Date first published: 27/06/2023
Key sectors: all
Key risks: war on land; internal conflict; political instability
Late on 23 June the head of the Russian mercenary Wagner Group, Yevgeny Prigozhin, published a video in which he announced that his forces had crossed the border from Ukraine into Russia as part of a “march for justice” aimed at ousting Russia’s military leadership. On 24 June Wagner forces reportedly seized military facilities in the cities of Rostov-on-Don and Voronezh and marched towards Moscow. The Federal Security Service (FSB) opened a criminal case against Prigozhin for armed mutiny. President Vladimir Putin accused Prigozhin of betrayal and warned of “inevitable punishments”.

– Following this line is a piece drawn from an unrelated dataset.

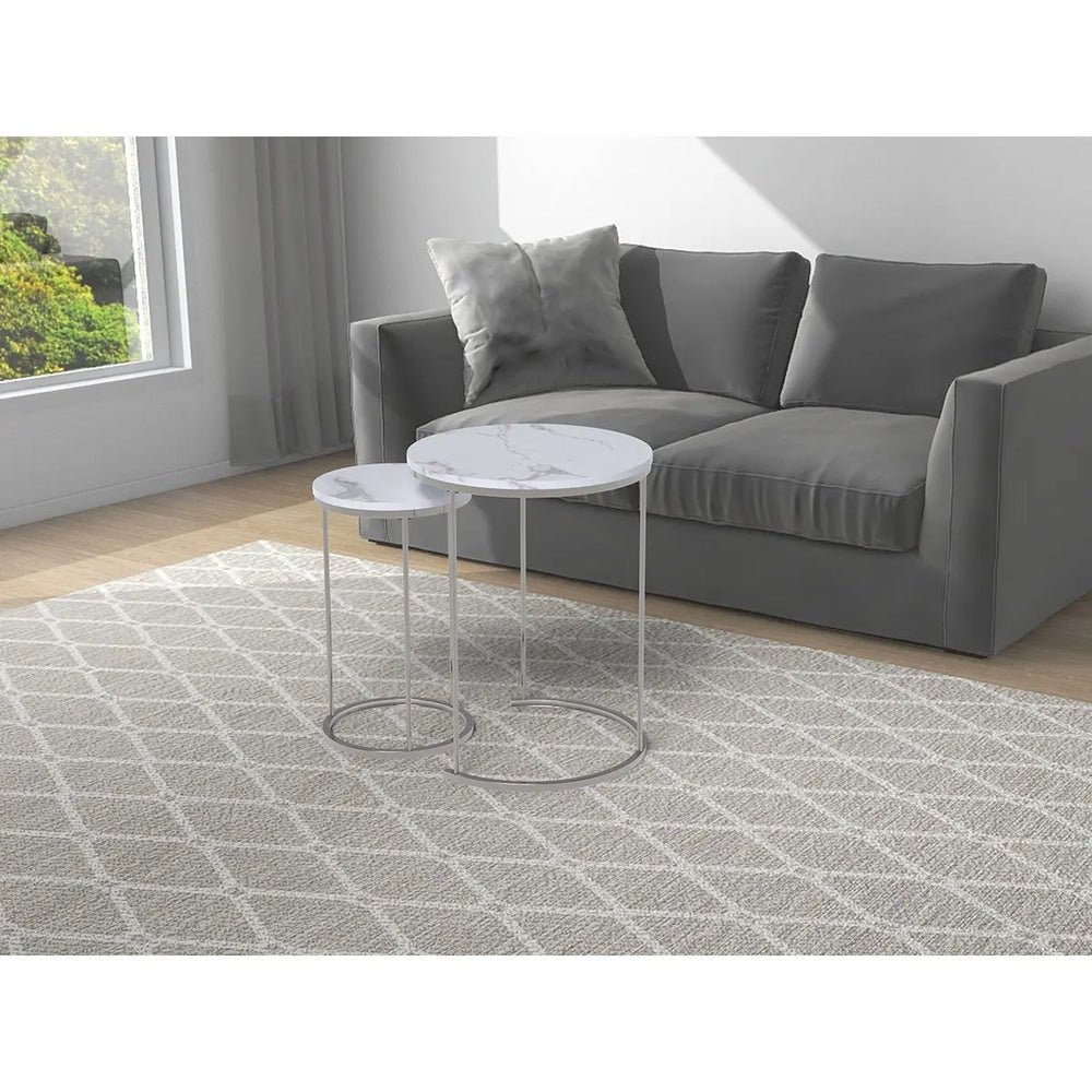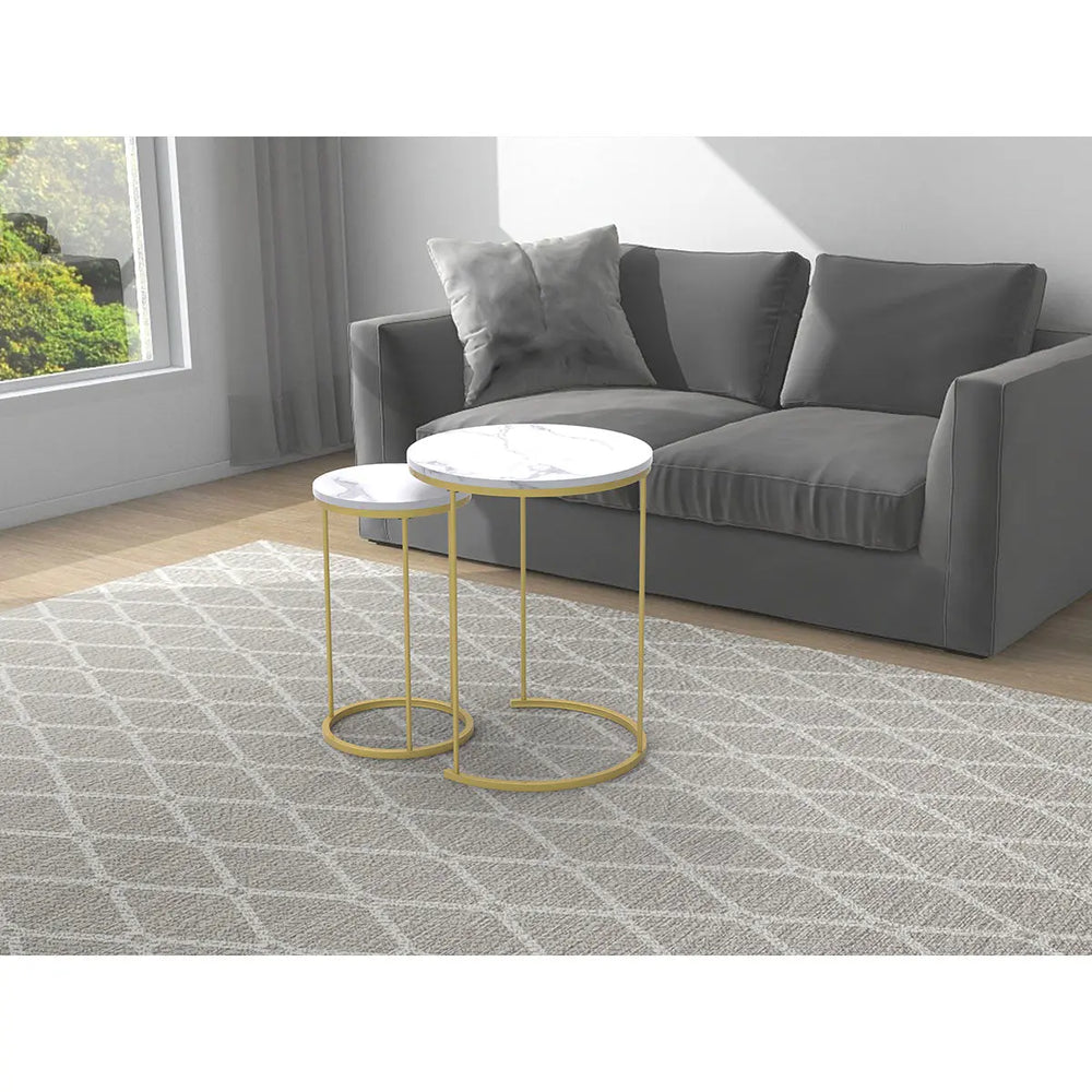Introducing the Titus Muse 2pc Wood End Table Set, where style meets functionality in perfect harmony. Crafted with precision, these end tables feature an elegant marble veneer tabletop that adds a touch of luxury to your living space. The removable second table underneath offers versatility, allowing you to adapt to various needs effortlessly. Designed with a space-saving mindset, the smaller table slides snugly under the larger one when not in use, making it ideal for smaller living areas or when extra room is needed. With sturdy silver legs providing stability, this end table set is not just a beautiful accent but also a reliable addition to your home decor.

Late on 24 June the Kremlin announced that Belarusian President Alexander Lukashenko had brokered a deal with Prigozhin to end the mutiny. Under the deal, Prigozhin will move to Belarus with criminal charges against him being dropped and no Wagner personnel will be charged for their involvement in the rebellion. Following the announcement of the deal, Prigozhin ordered his troops to withdraw from Rostov and Voronezh.
Why it matters
While it is too soon to draw conclusions, preliminary analysis indicates that the mutiny exposed the weaknesses of Putin’s regime, further undermining it. First, Russia’s security forces were not prepared for such a development, posing only minimal resistance to Wagner’s advances. Wagner forces even destroyed five military helicopters. Second, the mutiny indicates that Putin’s grip on power is much weaker than previously believed. Although Putin is known to thrive on inter-elite infighting as it keeps different groups weakened, the rebellion suggests that he is not capable of preventing such infighting from escalating. Finally, Putin came to power following years of volatility and cemented his legitimacy on the provision of stability and security. The mutiny is a clear indication that he is no longer able to deliver on that, increasing the regime’s vulnerability.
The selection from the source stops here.